Comédien professionnel, il a la tâche de former et d’accompagner les 83 acteurs qui monteront sur scène. En plus des deux rôles qu’on le charge d’interpréter. "“Ce ne sont pas des pierres, c’est Notre-Dame”. C’est une phrase que dit l’un des personnages que j’interprète pour la Dame de Pierre. Pour moi ça a une signification très forte. En quelque sorte, c’est un moyen de me racheter d’avoir prononcé ces mots terribles au moment de l’incendie."
Comédien catho
Jean est certain. Sans l’art et le théâtre, qu’il aime tant, rien ne l’aurait poussé à chercher Dieu. "L’art est l’une des plus belles manières de se rapprocher de Dieu. J’ai toujours comparé un opéra ou un concert au paradis. Cette synchronisation parfaite d’instruments, c’est une vision proche du Ciel". Et pourtant, concilier la foi catholique et le métier de comédien est loin d’être facile. Si ce n’est impossible, sans courage. "Dans certains milieux du spectacle, être catho signifie être dangereux, on est presque obligé de s’excuser. Sur un tournage, on m’a dit “tu es catho ? Mais donc tu es facho !” On est mal perçus, se désole-t-il. J’ai du mal à comprendre pourquoi, car s’il y a bien une religion qui est discrète en France c’est le catholicisme."

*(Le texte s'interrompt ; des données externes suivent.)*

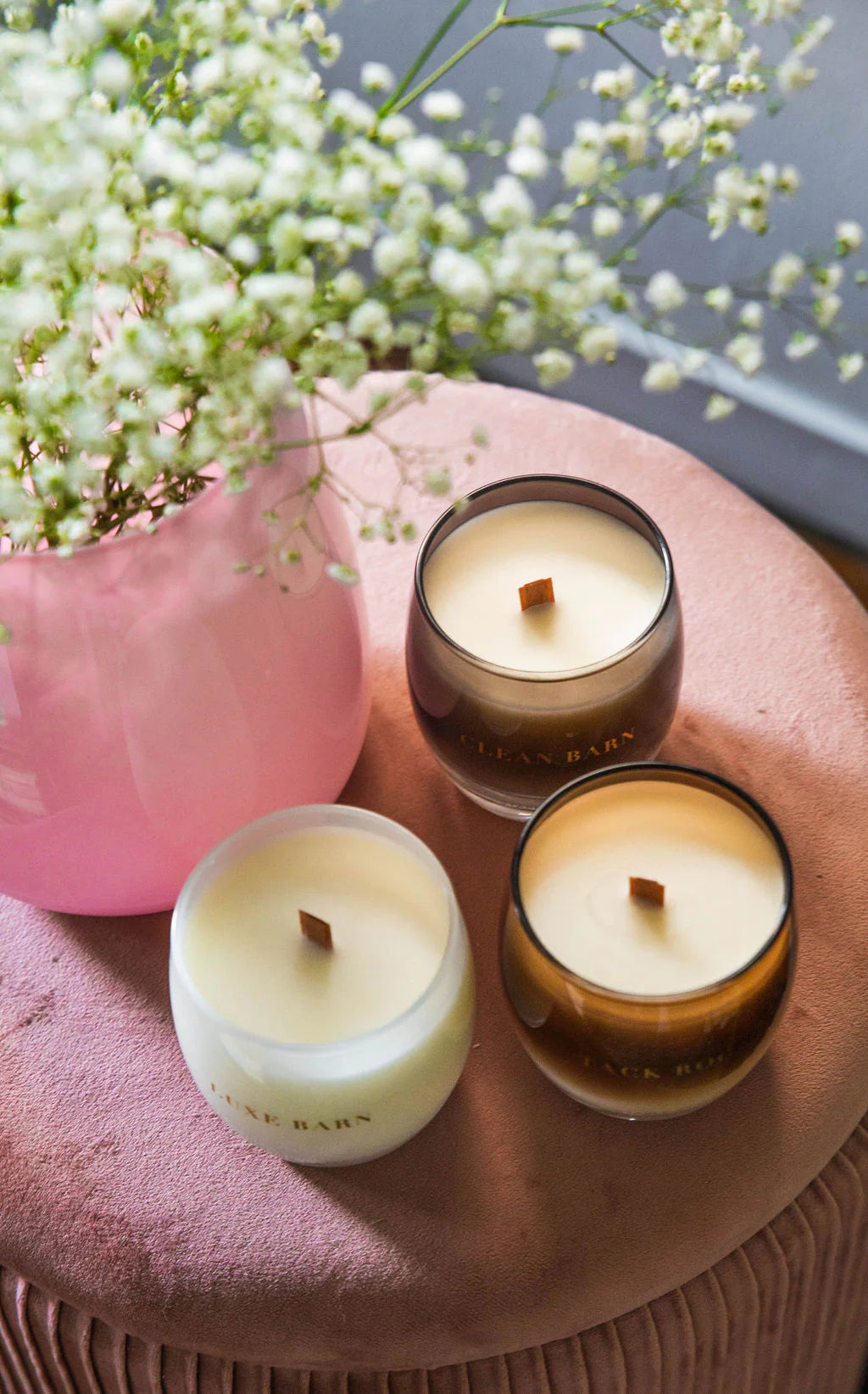 Clean Barn is warm and woodsy with notes of amber, sandalwood and vanilla.

C’était difficile au début, j’ai prié pour savoir comment j’allais faire avec ma carrière, et j’ai fini par me dire “tant pis !”

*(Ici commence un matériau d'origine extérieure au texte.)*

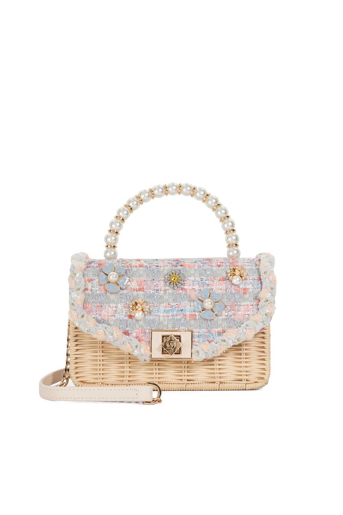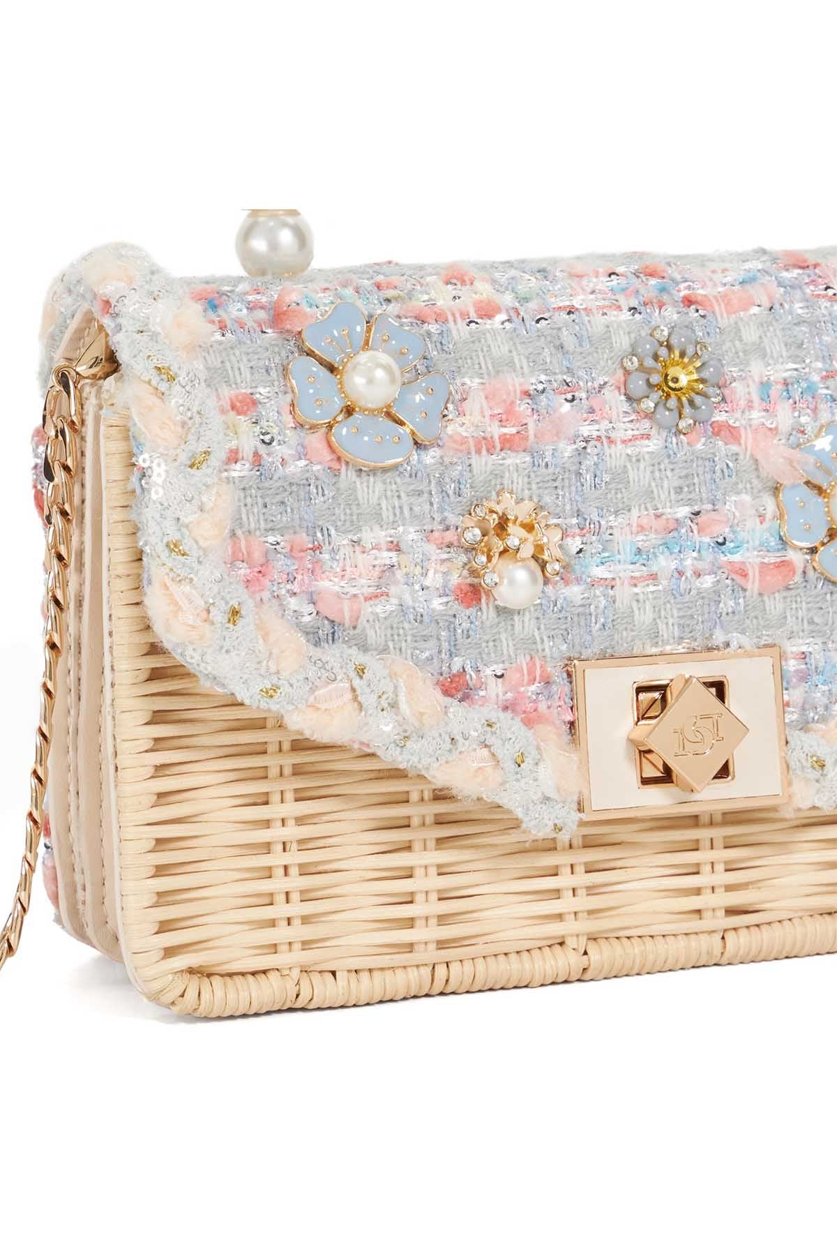 Update Your Summer Style With Blooms. Available In Boucle And Denim This Foldover Profile Features Sparkling Jewel Embellished Flowers And Our Signature Turn Lock Closure. This Woven Style Features A Removable Cross Body Strap And A Striking Beaded Top Handle Offers The Final Touch Of Distinction.

Mais il assume, et tient à garder autour du cou la médaille de baptême qu’il porte de nouveau depuis quelques mois. "Je suis devenu un de ces catholiques raillés, dont parle Paul Claudel. J’ai des potes qui n’ont pas compris, qui se sont moqués. C’était difficile au début, j’ai prié pour savoir comment j’allais faire avec ma carrière, et j’ai fini par me dire “tant pis !”". Jean assure qu’être un comédien catholique ne change pas grand-chose, si ce n’est qu'il n'accepte rien de ce qui pourrait heurter sa foi. "Ma vie c’est d’interpréter, comme n’importe quel autre comédien, mais si on me propose de jouer un sataniste, je dirai non."

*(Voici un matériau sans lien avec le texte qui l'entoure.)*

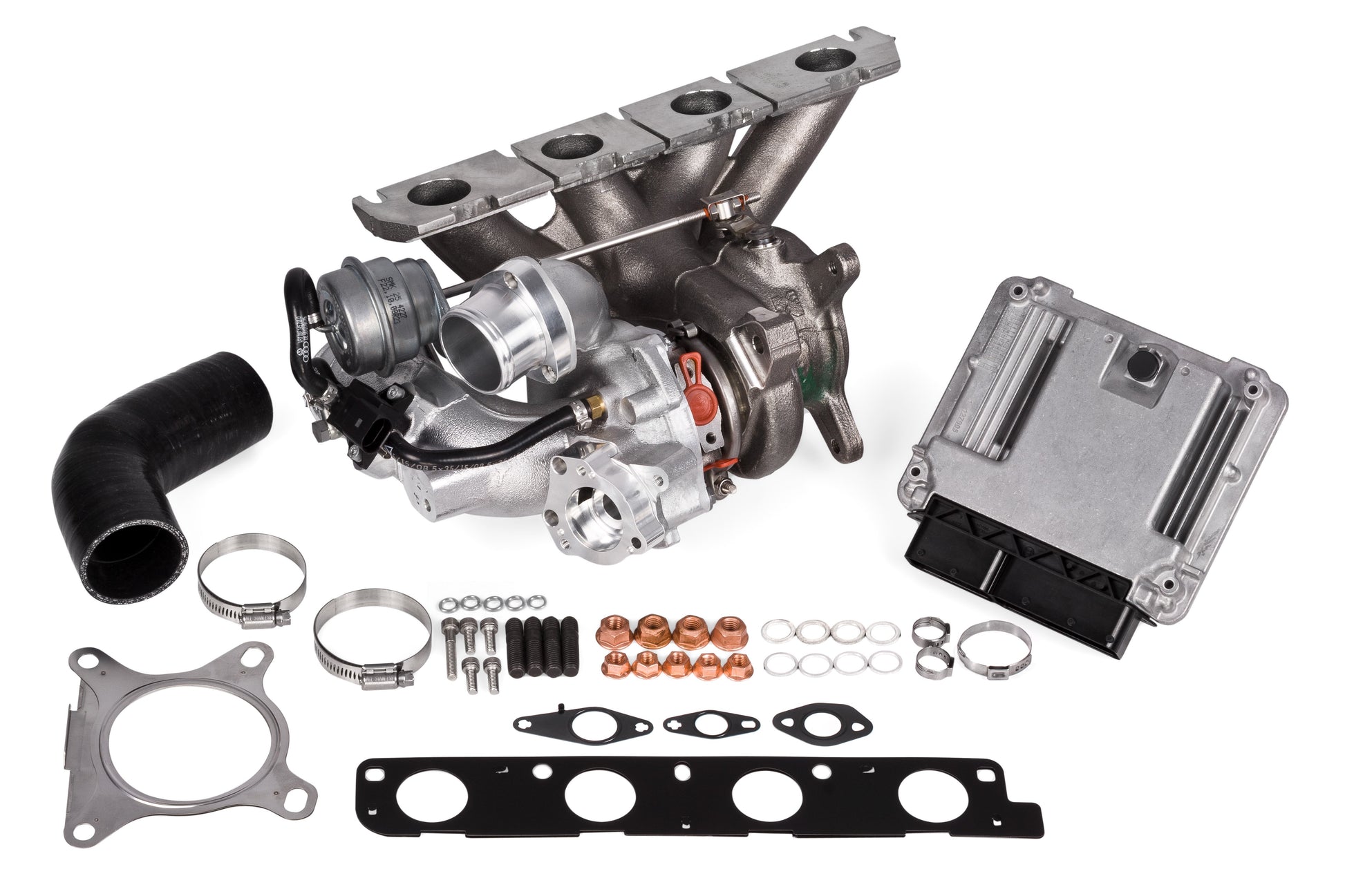 APR K04 ターボチャージャー システムは、ドロップイン ターボ アップグレードで、出力が劇的に向上します。このアップグレードと付属のソフトウェアを使用すると、K04 が標準装備されている Golf R、S3、TT-S などの高級車で高度にチューニングされた車両と同様の出力が期待できます。過渡応答は、ラグが最小限で、超高速です。パワーはすぐに立ち上がり、パワーバンド全体にわたって強力に維持されます。何よりも優れているのは、大型ターボチャージャー システムに比べて予算に優しいアップグレードとして設計されており、必要なハードウェアも最小限で済むことです。ターボチャージャー: APR は純正 Borg Warner 部品を使用します。システムの心臓部は Borg Warner K04-64 です。CNC 加工のビレット コンプレッサー ホイールとステンレス鋼のエキゾースト マニホールドは、工場出荷時のユニットに比べて、テクノロジー、パフォーマンス、信頼性の面で大幅に向上しています。既製の K04-64 ユニットとは異なり、APR のユニットはカスタマイズされています。純正ターボと同様に、DVをコンプレッサーカバーに統合しました。これにより、煩雑さと複雑さが解消されます。DVはターボに取り付けられているため、ブースト漏れの可能性のある複数の箇所が排除されます。また、ターボマフラーを取り外し、EZフローシリコンホースを追加しました。シンプルでクリーンな取り付けが可能です。10年以上にわたり数千台を販売してきた実績から、これらのターボはパワフルで信頼性が高いと自信を持って言えます。取り付けハードウェア:このシステムでは、一切の妥協をしていません。すべてのガスケット、ナット、ボルト、ワッシャー、スタッド、使い捨てクランプがこのアップグレードに含まれているため、取り付けは可能な限り簡単です。ソフトウェア:APRのステージ3 K04 ECUアップグレードがこの購入に含まれています。推奨および必須のハードウェア、出力数値、その他の詳細を含むソフトウェアの詳細については、該当する車両のECUアップグレードページをご覧ください。

Dans moins d’un mois, Jean sera sur la scène du Palais des Congrès avec cette jeunesse qui a soif de beauté et de grandeur. Admirateur de l’écrivain Paul Claudel, "qui a erré pendant des années avant de retrouver la foi" à Notre-Dame, le jeune comédien rêve encore d’une chose. "Je n’ai qu’une hâte quand Notre-Dame de Paris rouvrira, c’est de me rendre à ce fameux pilier près duquel Claudel a recommencé à croire." Revoir Notre-Dame, comme l’enfant perdu s’en retourne à la maison de son Père.